U.S. benchmark crude futures climbed as much as 4.1%, extending gains from Monday's rally. Oil took its cue from stronger equities as millions of Americans headed to vote on election day. A weakening dollar also boosted the appeal for commodities priced in the currency, with the Bloomberg Dollar Spot Index falling as much as 0.7%.

OPEC and its allies will "accelerate" the recovery in oil markets at their next meeting, the group's top official said, in another hint about a potential delay to a production hike scheduled for January. Algeria said that -- along with Saudi Arabia, Russia and Iraq -- it's trying to persuade the rest of OPEC+ to extend current supply cuts, state-run news agency APS reported.

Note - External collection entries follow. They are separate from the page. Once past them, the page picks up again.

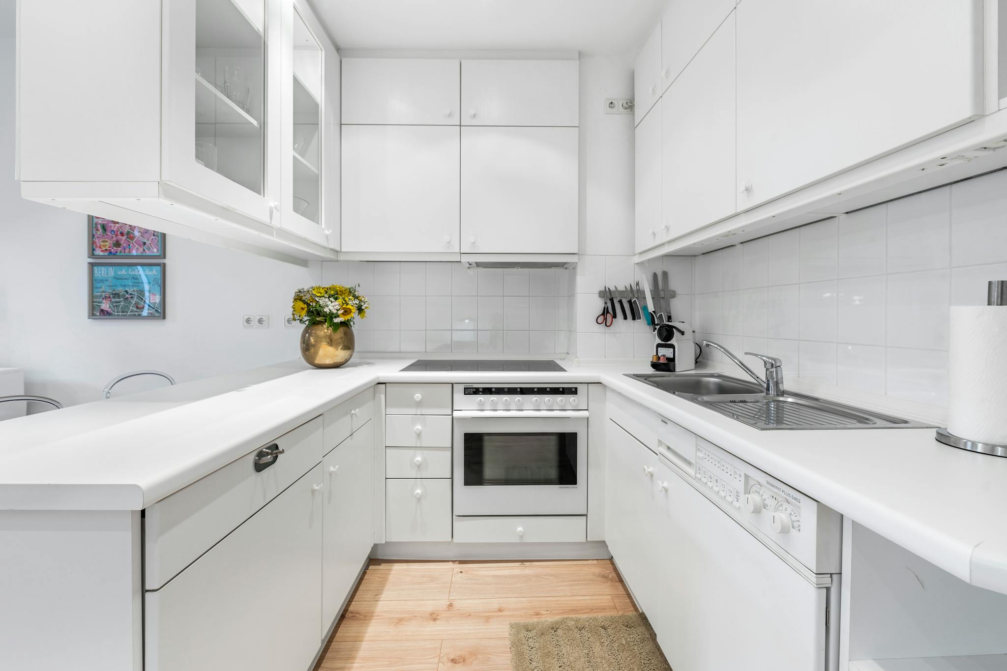 Non-SmokingNot allowedDie Wohnung befindet sich in einem typischen Berliner Altbau im beliebten Szene-Bezirk Prenzlauer Berg. Die Wohnung liegt im 2. Stock des Vorderhauses. Das lichtdurchflutete Wohnzimmer ist mit einer bequemen Couch und einem Lounge-Sessel, einem Schreibtisch/Arbeitsplatz, einen Sideboard und einem Smart-TV ausgestattet. An den Wohnbereich grenzt die offene Küche mit Essthresen sowie Herd/Backofen, Kühl/Gefrierschrank, Waschmaschine mit Trockner, Nespresso Maschine und alle Kochutensilien. Staubsauger, Bügeleisen, Putzgeräte, alles da. Das Schlafzimmer ist mit einem 160 x 200 cm Bett möbliert, es gibt genügend Kleider-Schränke und eine Kommode für Kleidung, der Blick geht in den begrünten ruhigen Innenhof. Im Bad finden Sie ein großes Waschbecken mit breiten Spiegel und eine Badewanne mit Glasduschwand zum Duschen. Handtücher und Bettwäsche sind vorhanden. Im Preis sind außerdem WLAN, GEZ und eine Reinigung ein Mal im Monat, Hausmeister-Service und unsere persönliche Betreuung enthalten.
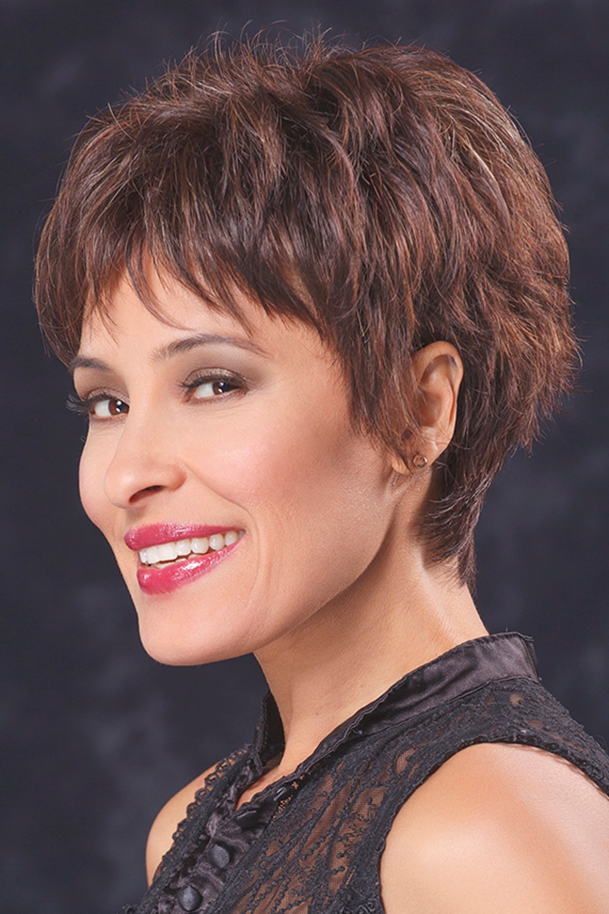 A short. pixie cut tousled style wig with rich texture. It can be worn tamed or spiky.
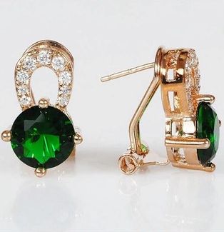 - Серьги с зелёным фианитом "Подковка" по выгодной цене 600 р. руб.;
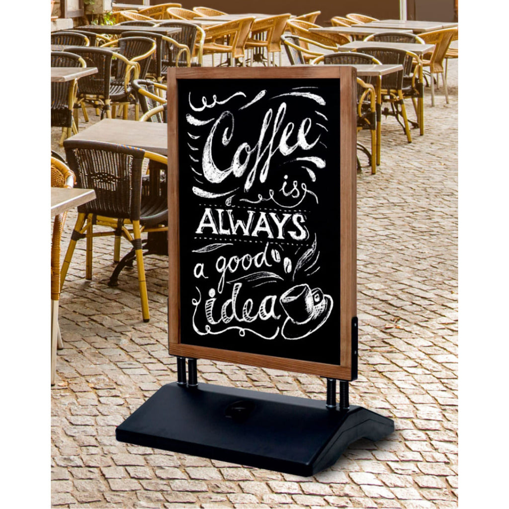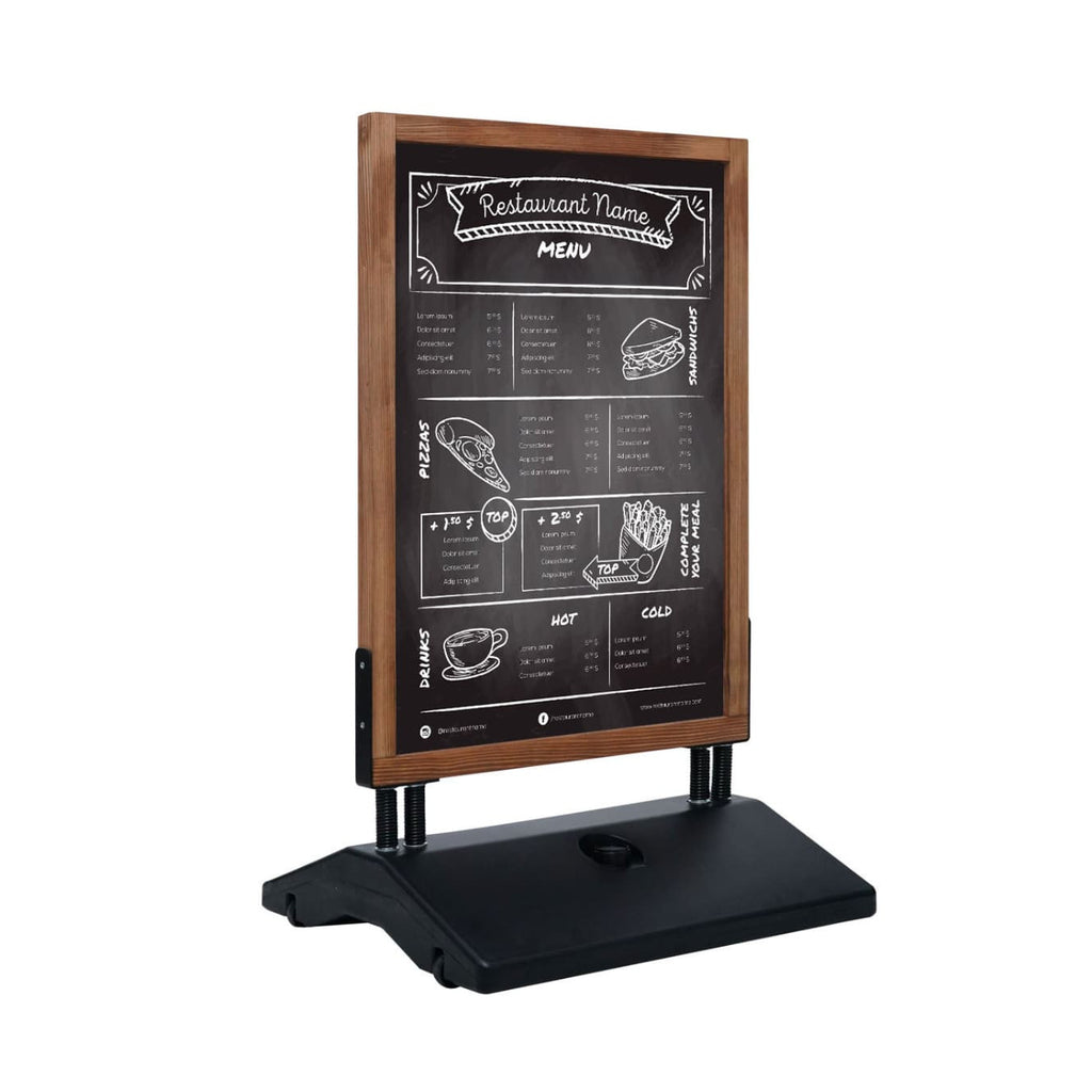 • Gesamtgrösse: ca. 110 × 70,4 cm • Schreibfläche: ca. 62,4 × 87,1 cm – passend für DIN A1 Plakate (594 × 841 mm) • Material: Holzrahmen aus Tannenholz, Tafelfläche aus MDF mit Stahlblech • Farbe: Dunkelbraun lasiert • Gewicht: unbefüllt ca. 15 kg, befüllbar mit bis zu ca. 27 l Wasser oder Sand • Anzahl Flächen: 2 (doppelseitig beschriftbar) • Anwendung: Für Innen- und Aussenbereiche, auch bei Wind geeignet • Einsatzmöglichkeiten: Für Gastronomie, Tankstellen, Einzelhandel, Schulen, Clubs, Events u. v. m. • Beschriftung: Mit Kreide, Kreidemarkern oder Magnetfolien • Reinigung: Trocken oder feucht mit Tuch/Schwamm abwischbar (ideal mit Securit Reinigungsschwamm) • Lieferumfang: 1 × zweiseitiger Kundenstopper mit Wassertank + 2 × Antireflex UV-Schutzfolien mit Magnetband

"This big selloff last week was a wake-up call to the OPEC+ group," said John Kilduff, a partner at Again Capital. "The renewed shoulder-to-the-wheel type of action that appears to be emerging is helping to support prices."

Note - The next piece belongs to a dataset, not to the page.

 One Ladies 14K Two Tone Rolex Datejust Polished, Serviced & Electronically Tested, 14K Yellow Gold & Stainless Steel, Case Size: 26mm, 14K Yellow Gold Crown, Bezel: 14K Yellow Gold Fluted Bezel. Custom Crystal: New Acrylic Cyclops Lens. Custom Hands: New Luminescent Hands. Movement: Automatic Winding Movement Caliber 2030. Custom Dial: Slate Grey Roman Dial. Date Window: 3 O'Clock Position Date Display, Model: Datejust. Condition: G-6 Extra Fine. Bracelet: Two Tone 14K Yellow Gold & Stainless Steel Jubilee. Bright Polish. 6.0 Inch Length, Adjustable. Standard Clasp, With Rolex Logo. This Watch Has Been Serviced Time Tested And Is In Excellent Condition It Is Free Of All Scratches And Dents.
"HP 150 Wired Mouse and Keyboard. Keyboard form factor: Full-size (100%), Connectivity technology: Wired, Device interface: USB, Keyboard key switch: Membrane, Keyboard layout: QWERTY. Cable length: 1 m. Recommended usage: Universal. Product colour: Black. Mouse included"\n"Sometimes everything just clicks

West Texas Intermediate for December delivery rose $1.47 to $38.28 a barrel at 10:02 a.m. in New York. Brent for January settlement advanced $1.31 to $40.28 a barrel.

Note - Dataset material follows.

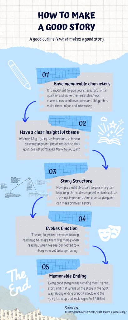 Stories have been being told since the beginning of time in many different ways, from campfire stories to a novel to drawings on a cave wall, they are all stories that have been told to people to provide knowledge, entertainment, or life skills. Stories are the original way to pass knowledge around and if we didn’t have stories we wouldn’t have the knowledge about the past that we do today. The structure is the biggest part of making a good story, if you don’t have memorable characters, a clear theme, story structure, a memorable ending and something that evokes emotions. This formula for a story can put you on the track to writing a good memorable story that people will enjoy and recommend to their friends.
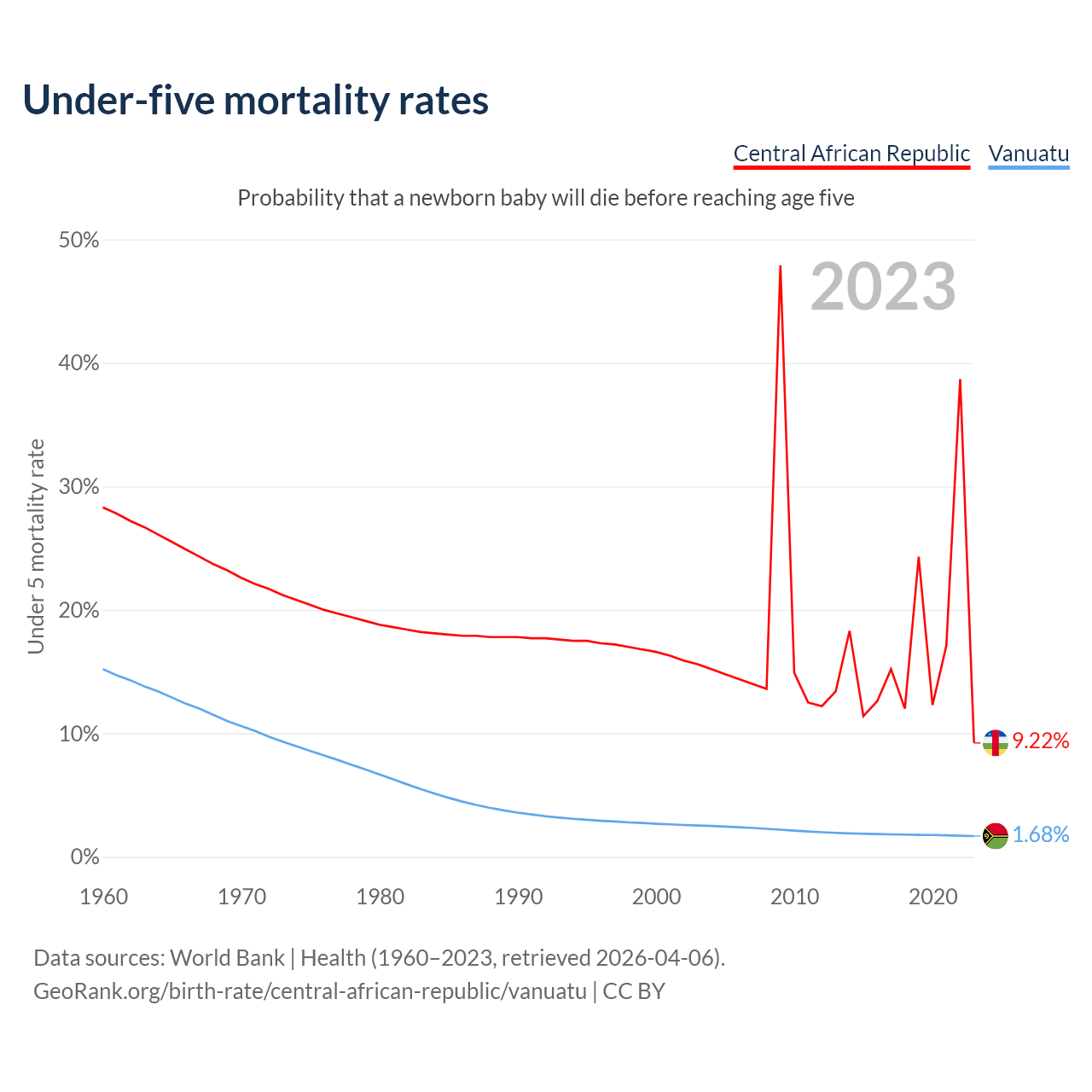 The chance that a newborn baby will die before reaching age five is 9.22% in the Central African Republic and 1.68% in Vanuatu. Above is a chart with historical data on under-five mortality rates.

Americans are voting in a presidential election that could reshape U.S. policy on a slew of energy-related areas such as fracking and how to address climate change. All the while, a swiftly evolving coronavirus situation in Europe is raising new threats to oil's spotty demand recovery. Demand is recovering "at a very slow speed," according to the Organization of Petroleum Exporting Countries' Secretary-General Mohammad Barkindo.

"All eyes will be on the U.S. election today and tomorrow," said Bjarne Schieldrop, chief commodities analyst at SEB AB. On the possible change of course by OPEC+, he said it would be "a relief for the market if it did not have to worry about an additional 1.9 million barrels a day of supply coming."

The forward curves for both Brent and WTI show some underlying strength beyond the rally in headline prices. The spread between Brent's nearest contracts is heading for a close at its tightest contango structure in a week, as is the prompt spread for WTI.